Caption : Istimewa
Hariannarasi.com, Jakarta – Partai Gerakan Rakyat (PGR) resmi menyerahkan berkas pendaftaran sebagai partai politik ke Kementerian Hukum Republik Indonesia (Kemenkum RI) pada Kamis (23/7).
Partai yang dipimpin oleh Sahrin Hamid, mantan juru bicara Anies Baswedan pada Pilpres 2024, ini mendaftar setelah merampungkan syarat administrasi di tingkat daerah.
ADVERTISEMENT
SCROLL TO RESUME CONTENT
Ketua Umum PGR, Sahrin Hamid, menyatakan, jika pendaftaran ini merupakan hasil kerja keras pengurus daerah yang telah melengkapi 38 Surat Keterangan Terdaftar (SKT) secara nasional per 22 Juli 2026.

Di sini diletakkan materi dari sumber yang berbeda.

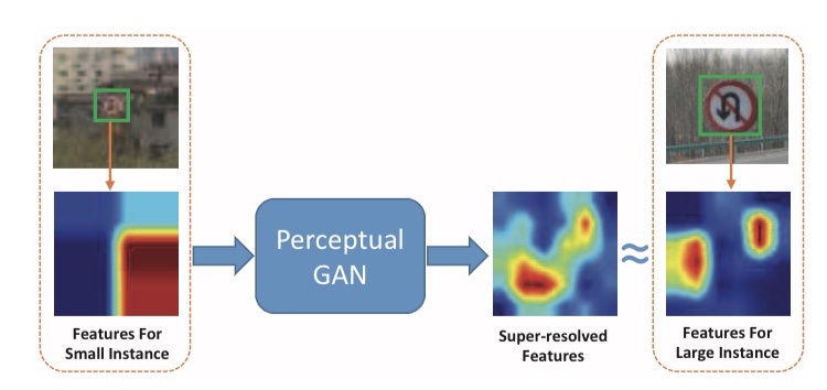 Perceptual GAN은 작은 물체를 감지하기 위해 제안된 방법입니다. 물체 감지에서 큰 물체와 작은 물체의 특징맵이 크게 달라서, 작은 물체를 감지하기 어렵다고 지적하고 있습니다. 아래의 그림은 Perceptual GAN의 개요입니다.

”Alhamdulillah kemarin, tanggal 22 Juli 2026, kita melengkapi 38 Surat Keterangan Terdaftar dari Sabang sampai Merauke. Telah kita sempurnakan ikhtiar ini untuk Indonesia yang lebih baik,” kata Sahrin dalam keterangan tertulisnya, Jumat (24/7).
Sahrin mengklaim bahwa PGR adalah partai yang lahir dan berkembang murni dari akar rumput, bukan dibentuk berdasarkan instruksi dari elite politik.
Lebih lanjut, ia mengingatkan seluruh kadernya bahwa pendaftaran ke Kemenkum baru merupakan tahap awal dari proses panjang legalitas partai.
Setelah disahkan sebagai badan hukum, PGR menargetkan untuk lolos verifikasi sebagai peserta pemilu pada tahun depan guna berkontestasi dan memenangkan Pemilihan Umum (Pemilu) 2029.
PGR sendiri memiliki kedekatan erat dengan mantan Gubernur Jakarta, Anies Baswedan. Sebelum menjadi partai politik, PGR bermula dari organisasi masyarakat (ormas) yang dideklarasikan pada 27 Februari 2025.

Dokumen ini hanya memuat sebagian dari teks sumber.